Correlation Between Bitcoin and Ribbon Finance
Can any of the company-specific risk be diversified away by investing in both Bitcoin and Ribbon Finance at the same time? Although using a correlation coefficient on its own may not help to predict future stock returns, this module helps to understand the diversifiable risk of combining Bitcoin and Ribbon Finance into the same portfolio, which is an essential part of the fundamental portfolio management process.
By analyzing existing cross correlation between Bitcoin and Ribbon Finance, you can compare the effects of market volatilities on Bitcoin and Ribbon Finance and check how they will diversify away market risk if combined in the same portfolio for a given time horizon. You can also utilize pair trading strategies of matching a long position in Bitcoin with a short position of Ribbon Finance. Check out your portfolio center. Please also check ongoing floating volatility patterns of Bitcoin and Ribbon Finance.
Diversification Opportunities for Bitcoin and Ribbon Finance
0.54 | Correlation Coefficient |
Very weak diversification
The 3 months correlation between Bitcoin and Ribbon is 0.54. Overlapping area represents the amount of risk that can be diversified away by holding Bitcoin and Ribbon Finance in the same portfolio, assuming nothing else is changed. The correlation between historical prices or returns on Ribbon Finance and Bitcoin is a relative statistical measure of the degree to which these equity instruments tend to move together. The correlation coefficient measures the extent to which returns on Bitcoin are associated (or correlated) with Ribbon Finance. Values of the correlation coefficient range from -1 to +1, where. The correlation of zero (0) is possible when the price movement of Ribbon Finance has no effect on the direction of Bitcoin i.e., Bitcoin and Ribbon Finance go up and down completely randomly.

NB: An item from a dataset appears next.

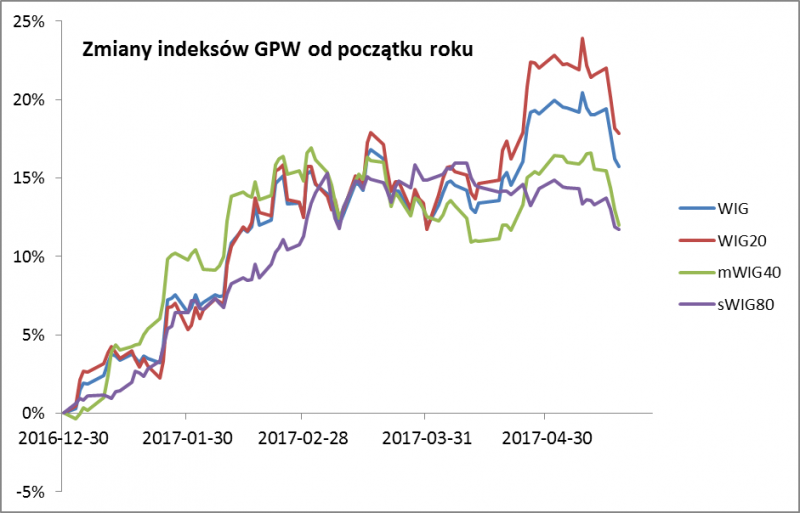 Indeksy GPW solidarnie weszły w fazę korekty spadkowej po ostatnich silnych zwyżkach.

Pair Corralation between Bitcoin and Ribbon Finance
Assuming the 90 days trading horizon Bitcoin is expected to generate 1.06 times less return on investment than Ribbon Finance. But when comparing it to its historical volatility, Bitcoin is 1.7 times less risky than Ribbon Finance. It trades about 0.25 of its potential returns per unit of risk. Ribbon Finance is currently generating about 0.15 of returns per unit of risk over similar time horizon. If you would invest 32.00 in Ribbon Finance on September 3, 2024 and sell it today you would earn a total of 19.00 from holding Ribbon Finance or generate 59.38% return on investment over 90 days.
Time Period | 3 Months [change] |
Direction | Moves Together |
Strength | Weak |
Accuracy | 100.0% |
Values | Daily Returns |
Bitcoin vs. Ribbon Finance
Performance |
Timeline |
Bitcoin |
Ribbon Finance |
Bitcoin and Ribbon Finance Volatility Contrast
Predicted Return Density |
Returns |
Pair Trading with Bitcoin and Ribbon Finance
The main advantage of trading using opposite Bitcoin and Ribbon Finance positions is that it hedges away some unsystematic risk. Because of two separate transactions, even if Bitcoin position performs unexpectedly, Ribbon Finance can make up some of the losses. Pair trading also minimizes risk from directional movements in the market. For example, if an entire industry or sector drops because of unexpected headlines, the short position in Ribbon Finance will offset losses from the drop in Ribbon Finance's long position.The idea behind Bitcoin and Ribbon Finance pairs trading is to make the combined position market-neutral, meaning the overall market's direction will not affect its win or loss (or potential downside or upside). This can be achieved by designing a pairs trade with two highly correlated stocks or equities that operate in a similar space or sector, making it possible to obtain profits through simple and relatively low-risk investment.Ribbon Finance vs. XRP | Ribbon Finance vs. Solana | Ribbon Finance vs. Staked Ether | Ribbon Finance vs. Toncoin |
Check out your portfolio center.Note that this page's information should be used as a complementary analysis to find the right mix of equity instruments to add to your existing portfolios or create a brand new portfolio. You can also try the Stock Tickers module to use high-impact, comprehensive, and customizable stock tickers that can be easily integrated to any websites.